I was with Mike, my now ex-boyfriend for four years. I honestly believe that we were happy for the most part however, we really did find that we wanted different things. I have set up a whole life in Hertfordshire, I have a rented flat which I am currently trying to purchase, a job in London and I am settled. Despite considering a move back to Norfolk, I honestly don’t believe that it would be the right thing for me. Mike, is really trying to find out who he is. He wants to go travelling, doesn’t want marriage or kids and isn’t into building a career where you have to work 12 hours a day. The end of our relationship was almost predicted at some point but why did it hurt so much?
I have come out of longer relationships in the past but this breakup I found particularly difficult. I had time off work and disppeared to Norfolk for a bit to try and recover. It was (and still is to a degree) hard. I find the thought of someone who you spend every moment of your time with, texting, speaking, thinking of becoming a stranger so hard. I find that when I have good news I want to tell Mike and when I am sad I want him to make everything ok. I live alone and have done for a while but it is that time alone I am now finding the most difficult, before, he would know what I was doing and send me texts if I needed company but now it is just me and my empty flat.

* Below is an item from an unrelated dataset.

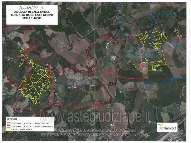 Vendita all'asta Senza incanto, con gara telematica sincrona mista - LOTTO 5: TERRENI AGRICOLI estesi su di una superficie complessiva pari ad ha 12 circa siti nei Comuni di San Gemini (TR) e Narni (TR), in loc. Valleantica e censiti al CT del Comune di San Gemini (TR) al foglio 24 partile 18 - 19 - 20 - 21 - 66; e al CT del Comune di Narni (TR) al foglio 10 partila 41.-FABBRICATI (riuniti in un complesso di tipologia rurale con manufatti e fabbricati generalmente fatiscenti) identificati al NCEU del Comune di San Gemini (TR) al foglio 24 part.lla 66 subalterni 23-4-5-6-7.-. Prezzo base € 156.975,00 (offerta minima € 117.731,25). Data vendita 05/03/2026 ore 11:00. Professionista delegato alla vendita Dott. Patrizia Cianchini - Email "STUDIO.CIANCHINI@GMAIL.COM"; Tel. 0744403728. Rif. Tribunale di Terni - Fallimentare (nuovo rito) n. 19/2022

I have spent the past few weeks reflecting on my life and I am stronger than I ever imagined, I managed to go back to work, spend time alone in my flat and even went on a date. I am not broken from the relationship, I have just been knocked. It has knocked my confiedence and I find myself questionning what was wrong with me (am I not pretty enough, am I too skinny, was I really that boring…) but in reality I am fine, I am me and I cannot change that to try in order keep a broken relationship together.
It would have been easy to have finished Uni or my TC and moved back to Norfolk to set up a life with Mike. Maybe we would have a house by now and be settled but that was never who I was and I honestly don’t believe it is who is he. He needs to see the world and I need to focus on my career. As he keeps telling me ‘these things happen’ and he is right.
For now, I am going to enjoy this time in my life where I am alone. I am slowly approaching 30 and most people don’t have these years to discover who they are. I am going to work hard to make my career a success… I didn’t push myself through Uni, Law School, hundreds of TC applications to just give up now. I am going to focus on friends, friends which maybe I have neglected a bit over the past 4 years, friends who understand what it is like to be me. I am going to meet people, people with different interests than mine to grow my understanding and my mind, I am going to read to broaden my horizons and I will travel. I may not have the same aspirations to see the world as Mike but I want to see it in my own way.
Things are hard at the moment and I cannot pretend that I don’t find myself alone crying sometimes, but I know things will get better. Mike & I didn’t work as a couple but I hope one day, we will be friends, best friends. We have so much in common and I love him so much that I cannot imagine my whole life without him. I am gratful for all he taught me, and it was a lot. I would not have coped this well in this situation 4 years ago. He made the move to London easier and encouraged every aspect of my life, for which I am forever greatful.